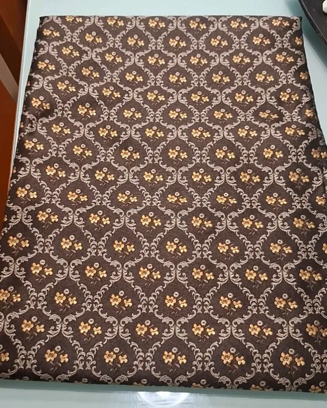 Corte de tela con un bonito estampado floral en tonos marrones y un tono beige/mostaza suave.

★ ★ ★ ★ ★

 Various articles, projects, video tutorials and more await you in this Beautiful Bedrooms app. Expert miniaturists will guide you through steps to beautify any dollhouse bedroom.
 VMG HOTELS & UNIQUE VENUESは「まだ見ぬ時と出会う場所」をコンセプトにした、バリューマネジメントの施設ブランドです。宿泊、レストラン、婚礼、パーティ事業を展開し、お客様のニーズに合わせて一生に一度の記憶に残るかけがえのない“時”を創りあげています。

★ ★ ★ ★ ★

_REQUIRED ACTION_
From the line holding "Various articles, projects, video" to the line holding "VMG HOTELS &", inclusive, restate each line above exactly as written.

_OUTPUT OF THE EXERCISE_
 Various articles, projects, video tutorials and more await you in this Beautiful Bedrooms app. Expert miniaturists will guide you through steps to beautify any dollhouse bedroom.
 VMG HOTELS & UNIQUE VENUESは「まだ見ぬ時と出会う場所」をコンセプトにした、バリューマネジメントの施設ブランドです。宿泊、レストラン、婚礼、パーティ事業を展開し、お客様のニーズに合わせて一生に一度の記憶に残るかけがえのない“時”を創りあげています。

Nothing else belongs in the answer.